◆ **Task**
The material below includes pictures; leave them out and return only the lines between the line containing "The Petite Izzy" and the line containing "Luego de los", inclusive, word for word.

◆ **The input**
....

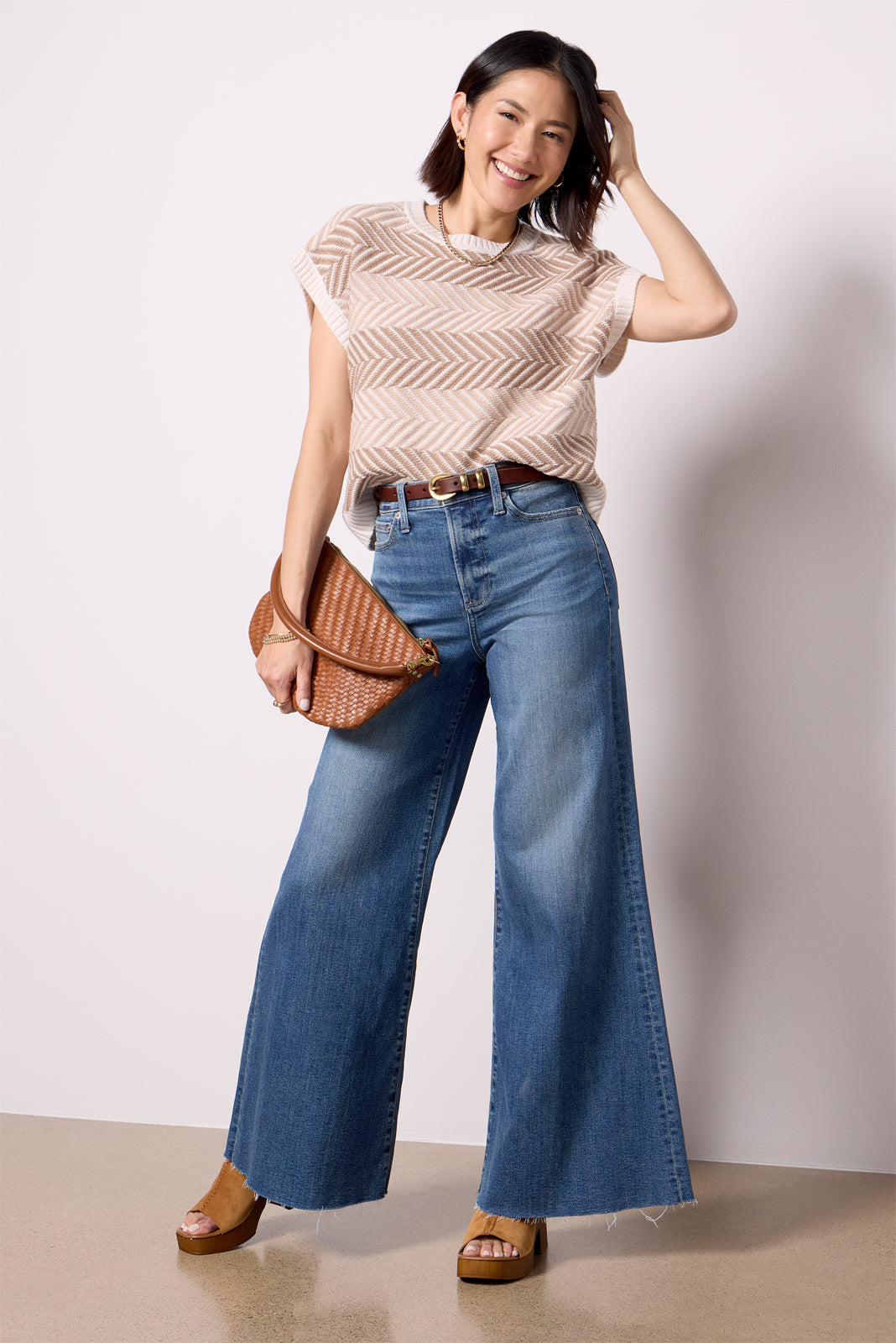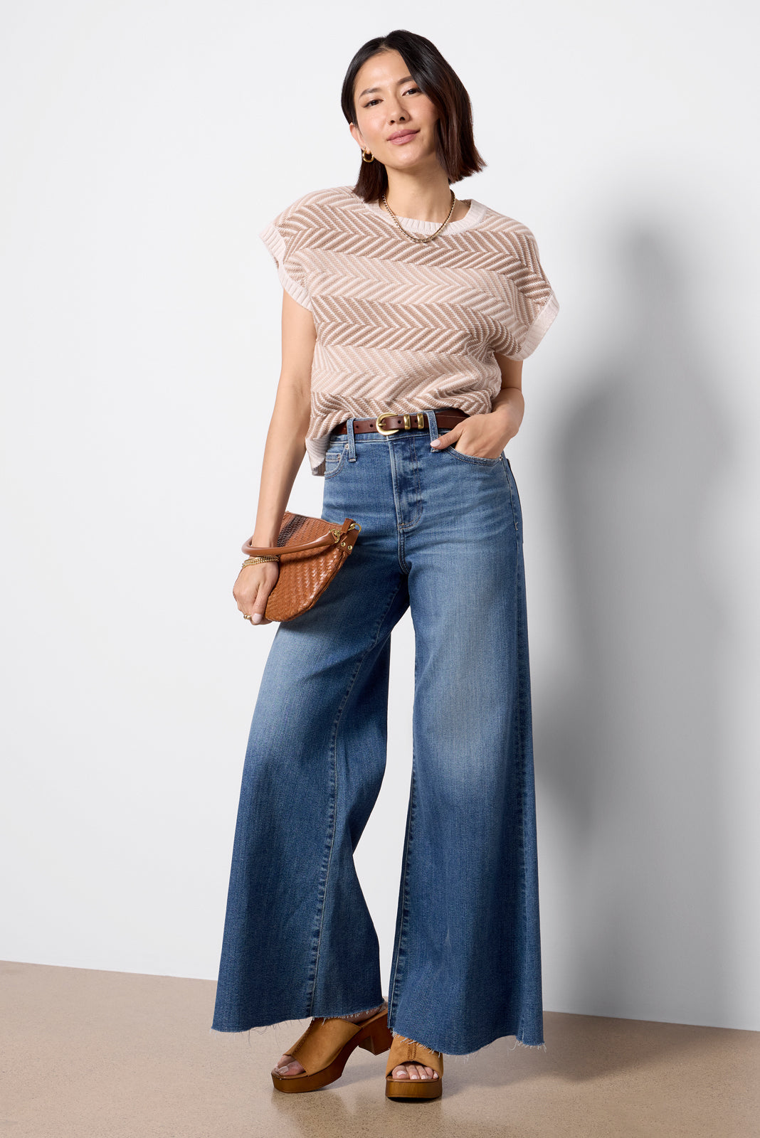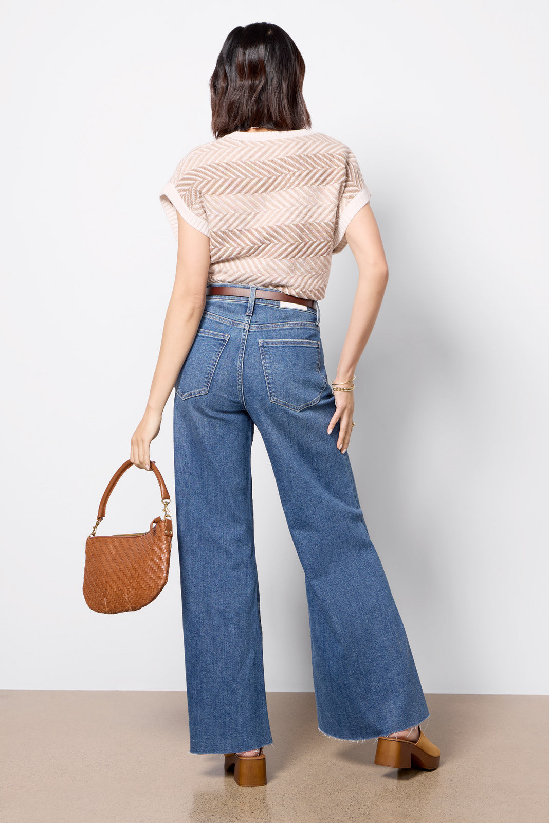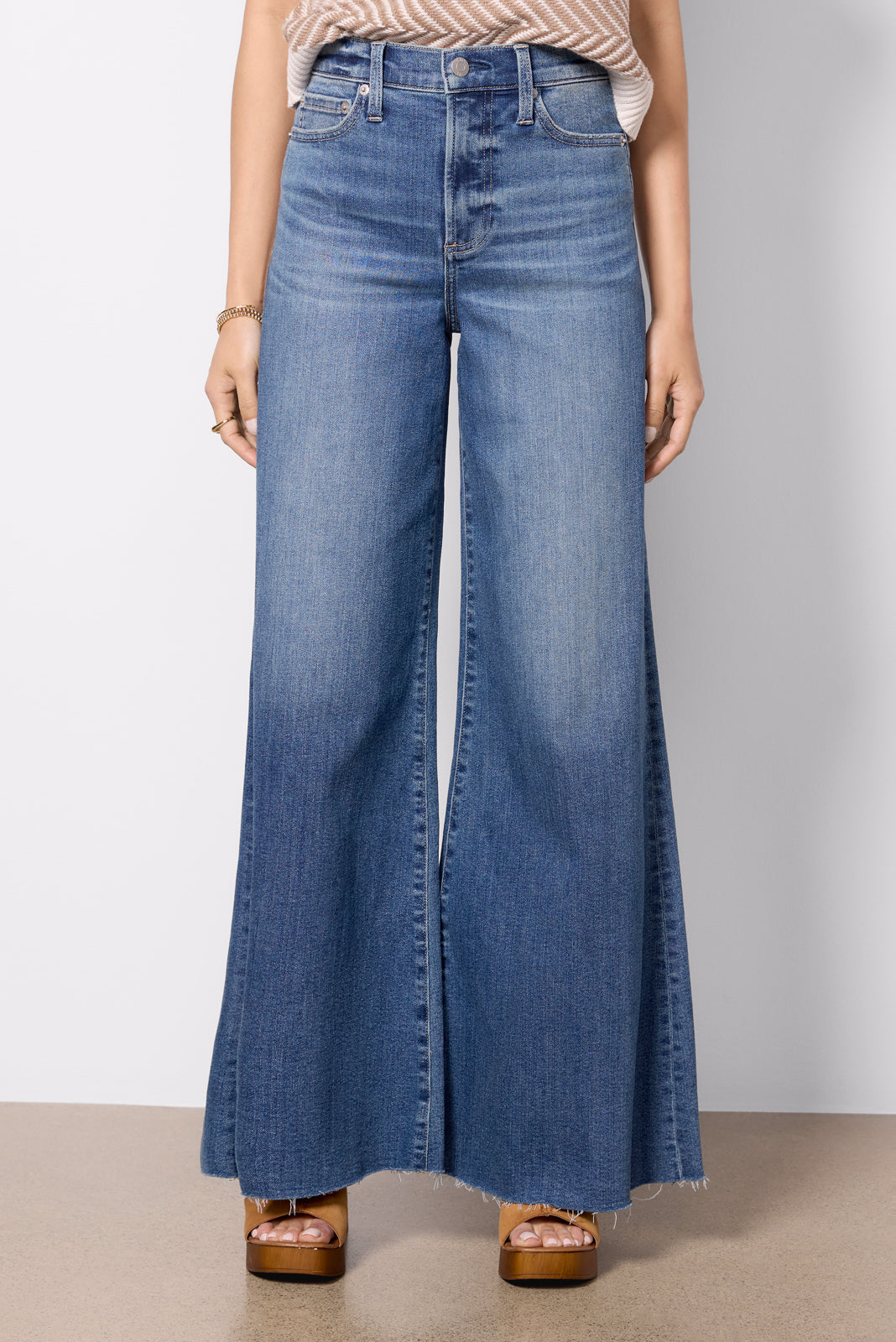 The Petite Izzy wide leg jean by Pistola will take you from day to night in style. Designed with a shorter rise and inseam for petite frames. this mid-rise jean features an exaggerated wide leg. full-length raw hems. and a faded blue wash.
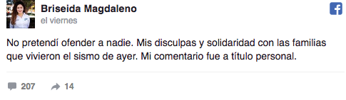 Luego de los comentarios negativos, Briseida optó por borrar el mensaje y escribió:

....

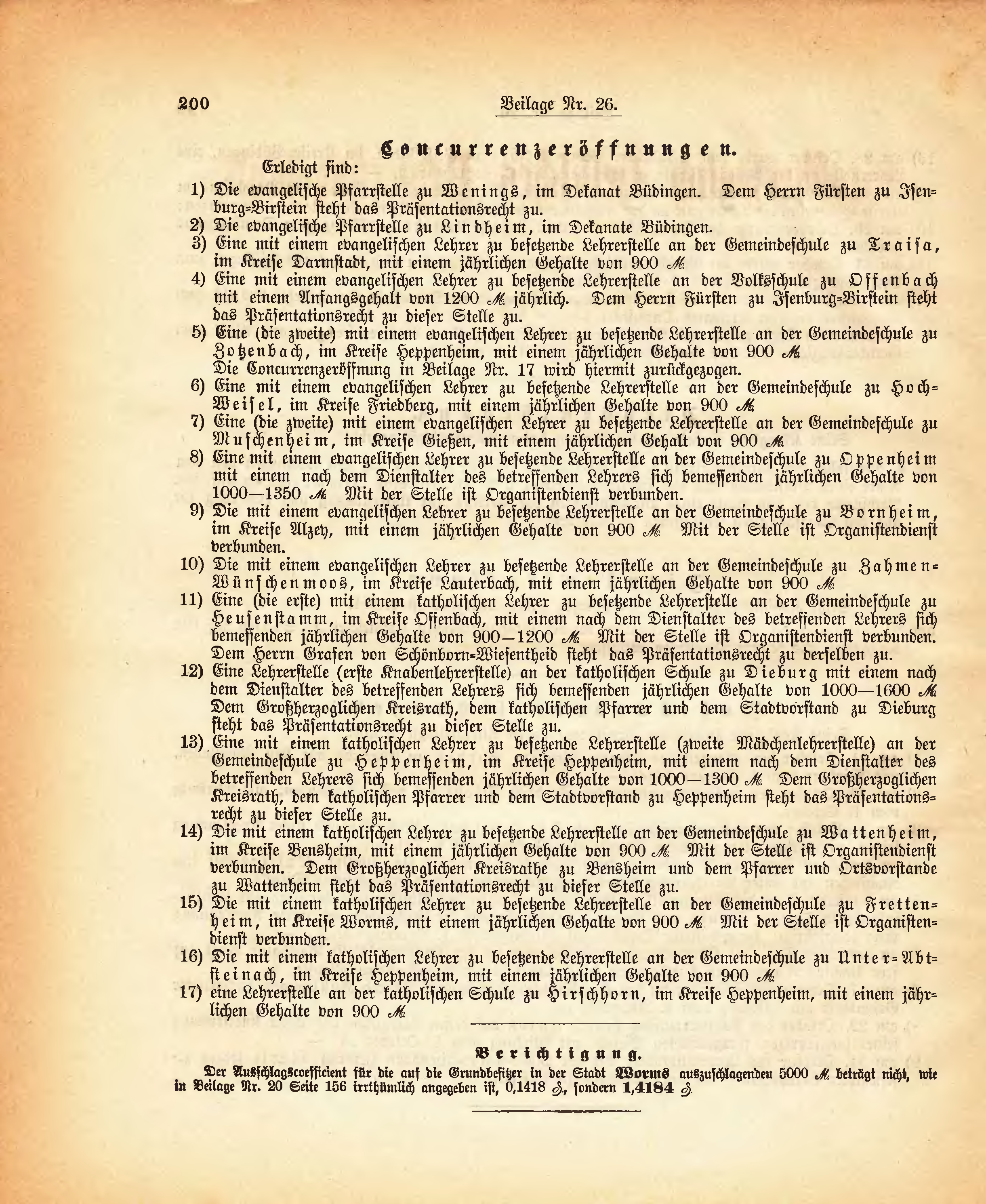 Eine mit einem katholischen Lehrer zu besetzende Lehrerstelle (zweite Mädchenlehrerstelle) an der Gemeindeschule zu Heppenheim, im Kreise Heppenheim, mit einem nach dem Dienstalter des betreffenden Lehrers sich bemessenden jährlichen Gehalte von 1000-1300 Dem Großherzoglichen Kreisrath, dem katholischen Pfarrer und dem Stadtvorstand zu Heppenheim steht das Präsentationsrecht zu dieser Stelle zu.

....

◆ **Solution to this problem**
 The Petite Izzy wide leg jean by Pistola will take you from day to night in style. Designed with a shorter rise and inseam for petite frames. this mid-rise jean features an exaggerated wide leg. full-length raw hems. and a faded blue wash.
 Luego de los comentarios negativos, Briseida optó por borrar el mensaje y escribió:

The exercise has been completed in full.